La femme du jardin

Il existe, j’en suis sûr, un lieu que personne ne peut toucher, ni profaner, un lieu qui vient d’où l’on naît, d’où l’on vient aussi et où l’on va. Quand l’enchantement est notre commencement, il nous a touché. Quand nous sommes malades, nous devenons fragiles, mais nous nous reposons au creux de ce qui a toujours été. Le monde que je connais, dans ce qui partira de moi, est un monde qui est la rencontre. Sans nous trouver, pouvons-nous encore nous connaître ? Si vous désirez emporter l’instant, emportez-le, lui, celui qui est venu et qui vous a émerveillé. Ne le lâchez jamais, fût-il éprouvant. Car dans l’épreuve, il est une finalité.

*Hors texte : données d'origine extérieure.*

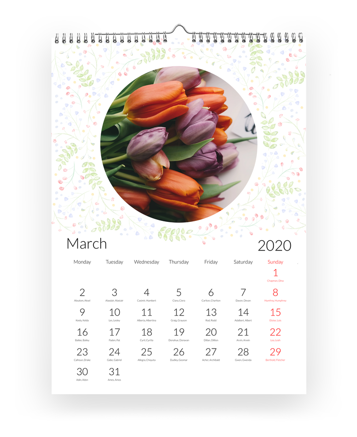 Hozd létre saját naptárad: adj hozzá születésnapokat, évfordulókat és ünnepeket, kedvenc fotóid, és kezdd a tetszőlegesen választott hónappal. Naptárainkat kiváló minőségű papírra nyomtatjuk, és erős spirálkötéssel vannak ellátva.
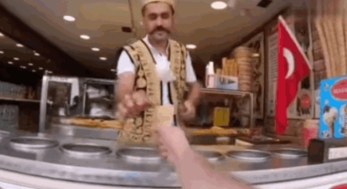 在这之外,抖音上最火的土耳其元素,应该是土耳其冰淇淋,花样百出套路不断的杂耍式卖冰淇淋,让顾客们一边上火一边又乐在其中。
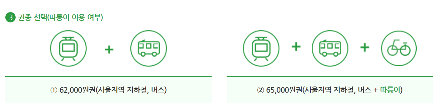 •  따릉이 이용 여부에 따라 6만5천원권과 6만2천원권 2종으로 나뉜다.
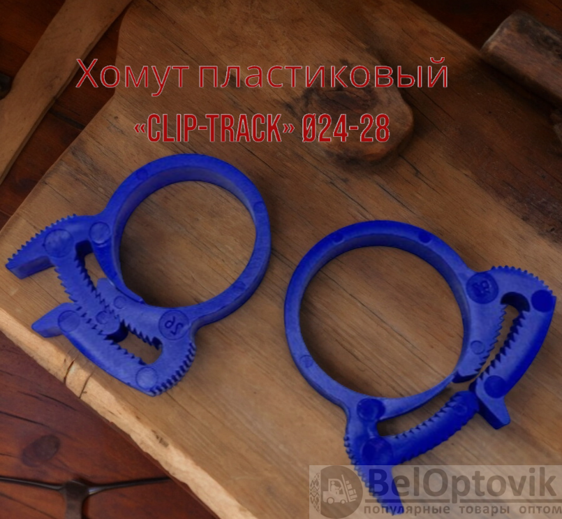 Хомут силовой пластиковый для соединения элементов круглой формы «Клип-Трек» («Clip-Track») Ø24-28, синий

Je projetais, ce matin-là, de pousser plus loin ma promenade. Ce ne fut pas en vain, puisque je découvris un mur en ruine, et au-delà, un jardin abandonné, dont la luxuriante végétation m’appela. D’énormes fougères et des ronces tenaces me barraient l’entrée. Je dus me frayer un passage au milieu de la flore sauvage. Les oiseaux qui chantaient à tue-tête furent à peine dérangés par ma présence. Quand je levai la tête, le ciel me sembla d’un coup fort éloigné. Allais-je me perdre dans ce jardin ? Il advint, au fur et à mesure que j’avançais, que l’espace se parait d’exotisme. N’avais-je pas aperçu un perroquet survoler mon épaule et me lancer un rire presque moqueur ? Un frisson me parcourut l’échine et je retins mon souffle. Les fleurs étaient opulentes et gracieuses ; les pivoines resplendissaient malgré la saison avancée ; les roses dansaient au sein de l’étrange verdure enchevêtrée. Le chèvrefeuille, qui avait poussé tout près d’un mur, embaumait. La chaleur s’était dissipée comme par miracle et le jardin s’incarnait dans le printemps le plus exquis. Les papillons multicolores faisaient leurs rondes, et j’aperçus même une libellule d’un bleu remarquable, qui me compagna durant un court instant. Au loin, comme jaillie de nulle part, une grande demeure apparut ; une vieille bâtisse en pierre. En continuant de me frayer un chemin dans les hautes herbes, et alors que j’obliquais vers la droite, je vis à ma grande surprise, une jeune femme assise sur un banc, le corps abandonné, tout à la contemplation. Je fus saisis par cette apparition et faillis presque trébucher de surprise. Comme je fis du bruit, la jeune fille tourna lentement la tête vers moi, sans être le moindrement surprise, et me regarda fixement, ce qui me mit dans la gène la plus inexplicable. Il me sembla que face à elle, je devenais quelconque, totalement insignifiant et j’eus presque honte de mon chapeau de paille, de mon veston en toile dont j’avais retroussé les manches. Je portais un sac à dos qui contenait mon attirail de peintre et mon chevalet en bandoulière. Tandis que je préparais une phrase d’excuse, la jeune femme prononça avec un ton presque emphatique : C’est ici, oui, tout juste ici, le lieu idéal pour construire un bassin ! et elle me regarda avec un sourire qui illumina son visage régulier, d’un ovale parfait, aux traits délicats et fermes à la fois.